I leaned forward, so I could rest my hands on his knees. “We don’t have to go into the playroom.”
“I only told you that last bit so you would understand what you’re walking into. I plan to show you all of it, like I told you I would. But to protect them, I’m only going to have you look into the playroom real quick. I can’t take the risk of them feeling abandoned by you.”

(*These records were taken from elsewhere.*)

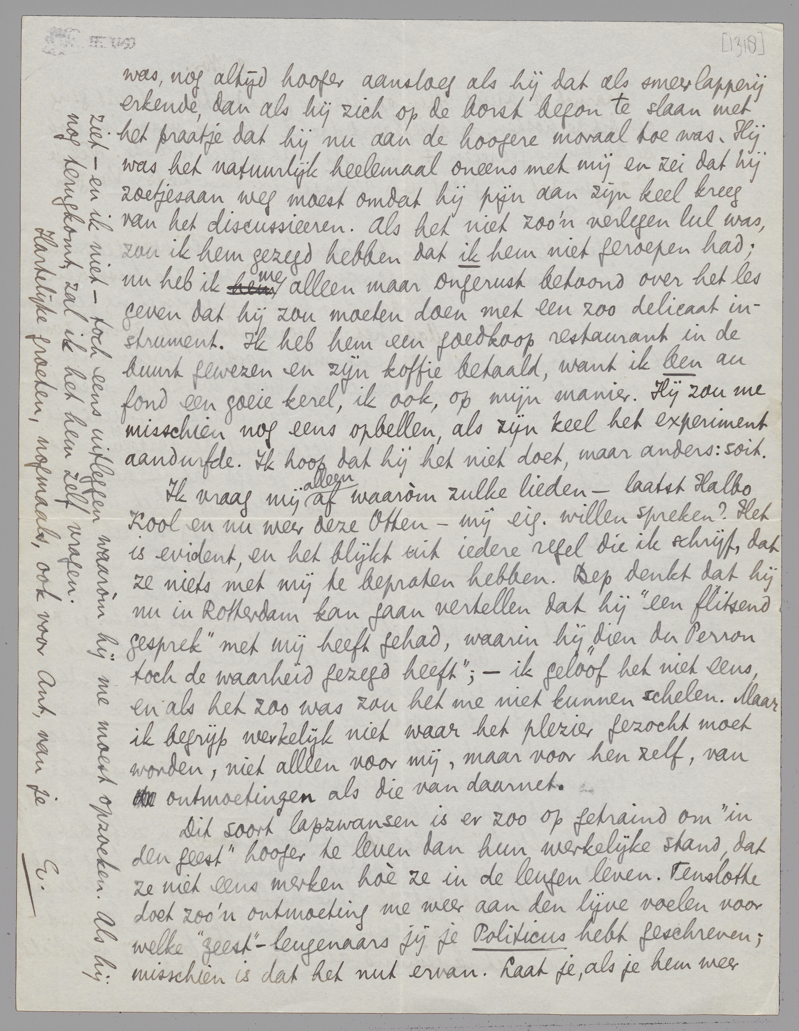 Dit soort lapzwansen is er zoo op getraind om ‘in den geest’ hooger te leven dan hun werkelijke stand, dat ze niet eens merken hoè ze in de leugen leven. Tenslotte doet zoo'n ontmoeting me weer aan den lijve voelen voor welke ‘geest’-leugenaars jij je Politicus hebt geschreven; misschien is dat het nut ervan. Laat je, als je hem weer ziet - en ik niet - toch eens uitleggen waaròm hij me moest opzoeken. Als hij nog terugkomt, zal ik het hem zelf vragen.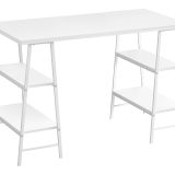 Make your computer desk work as hard as you do. This desk delivers style and functionality from top to bottom, starting with its thick and spacious desktop in a smooth, white finish. Sawhorse-style legs in white metal are put to work as supports for 4 open shelves that can be used to display books, small storage boxes, or other items. The unique, compact design of this industrial-style writing desk maximizes space and storage potential so that you can maximize productivity.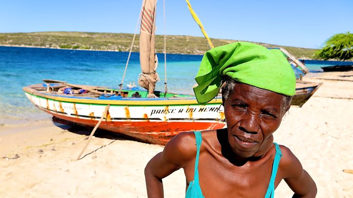 Une habitante de Morne Saint Nicolas prend la pose pour Géraldine Danon

“Will they remember any of this?”
He shrugged. “Some are too young to remember; some will never forget.”
“Like you.”
“Yeah.” He lifted my hand to his chest. “Like me.”
“Max can’t be the only person who gives you tips.”
“He’s not. We have people all over the country who give us leads, like Max, who are looking out for the best interests of the imports and not their own pockets. Most come from out of state; very few are from here. We don’t like to do pickups where our business operates because we don’t want to take a chance of getting recognized on the street.”
Trapper had said Max was a client. I’d met his wife several times, and he’d even brought his young son to my office. Max had told me he was their only child.
“So, Max’s son Calvin is…”
“Yeah, he’s one of them.” He looked down the hallway, as though Calvin had stayed in one of the rooms we’d passed. “We found Calvin when he was three months old. He was in a house in Baltimore that was a meth lab. He had burns on his stomach, and the chemicals had singed off all his hair.”
“Jesus, Trapper.”
I wouldn’t have known that by looking at Calvin. He’d been dressed in his baseball uniform and smiled when he answered my questions. He was loved, and he had hope…and that was all because of Trapper.
“Adrianna told you there’s a transaction happening today. The buyer is a friend of mine. His name is Jameson. He also happens to be one of my poker sponsors. I’d like it if you stayed to be a part of it.”
I wasn’t sure why, but I was already feeling emotional over the thought of seeing one of these kids go to a good home. “I would love to. Yes, of course I’ll stay.”
“We’ve got some time before he gets here, so let me take you to the playroom.” He attempted to stand, his long legs trying to get traction on the fuzzy alphabet rug beneath the table. “Christ, this thing is little,” he said. He held on to the table and pulled himself up.
I stood and wrapped my arms around his waist. “I don’t want to go to the playroom and risk one of the kids seeing me. I don’t want to hurt them any more than they already have been.”
He reached behind his back and squeezed my hands.
“What you do here is absolutely amazing, Trapper. I never want to leave, yet a part of me never wants to come back. But what’s become so clear is who you really are and how much I want to be with you.” As I gazed up at him, I felt the vulnerability lift, and in its place was hesitation.